OAI canceling an IPO this year a week after he released their dogshit financials is not a coincidence and yes it does vindicate him.

He’s not shorting the market or calling a top. He’s saying that the bubble will pop because the underlying business model is and always will have a NEGATIVE ROI. Unless you’re speculating on semiconductor stocks the difference is irrelevant.

Do me a favor and tell me how much of the 1,000,000,000,000 spent / committed to a datacenter buildout has been returned to shareholders / creditors?
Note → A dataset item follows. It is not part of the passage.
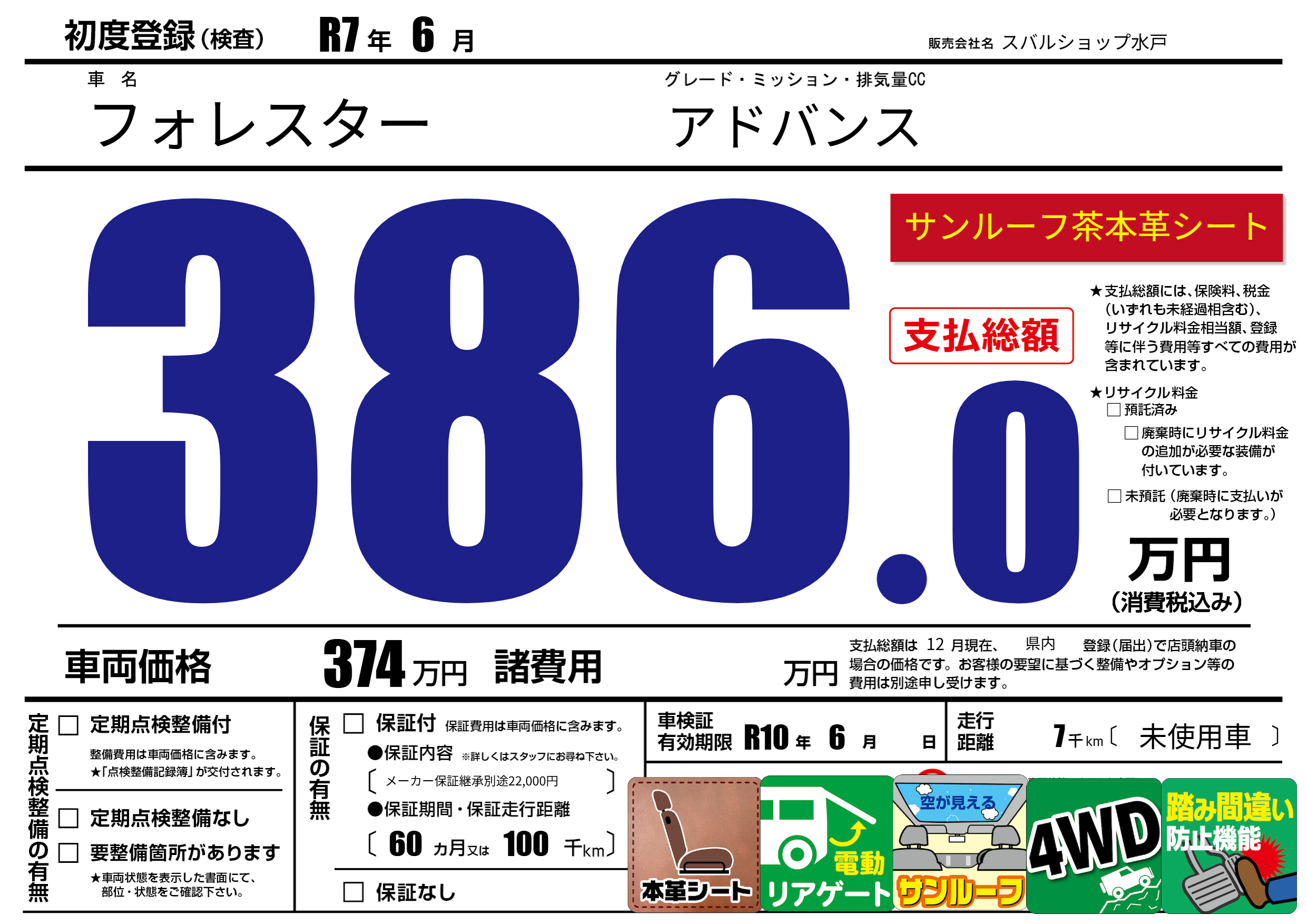| 車名 | フォレスター | グレード ミッション 排気量 |

  • 1. they didn't cancel their IPO and they were deliberate about having the option to time their IPO

    2. he has tried over and over again to predict the bubble and peak [1] [2] [3]

    3. that OpenAI is filing for an IPO next year is no vindication of Ed's claim when he specifically predicted the opposite (as I showed in the above comment)

    4. OpenAI filing for an IPO next year has no bearing on its fundamentals

    5. on Datacenters: Anthropic had to lease it from Elon's datacenter because they were too short on capacity and every one was complaining that their limits were too low

    [1] Ed on 2024, "threaten to begin a collapse that I’ve been predicting since March" https://www.wheresyoured.at/burst-damage/

    [2] Ed on 2024, "three quarters to prove itself before the apocalypse comes" https://www.wheresyoured.at/peakai/

    [3] Ed on 2024, "things are beginning to collapse" https://www.wheresyoured.at/subprimeai/

    Edit: the quality of discussion in this website is annoying sometimes.get downvoted for good faith discussion

  • > OAI canceling an IPO this year a week after he released their dogshit financials

    There is zero evidence of any causal link between him and this. The obvious one, instead, is SpaceX's volatility.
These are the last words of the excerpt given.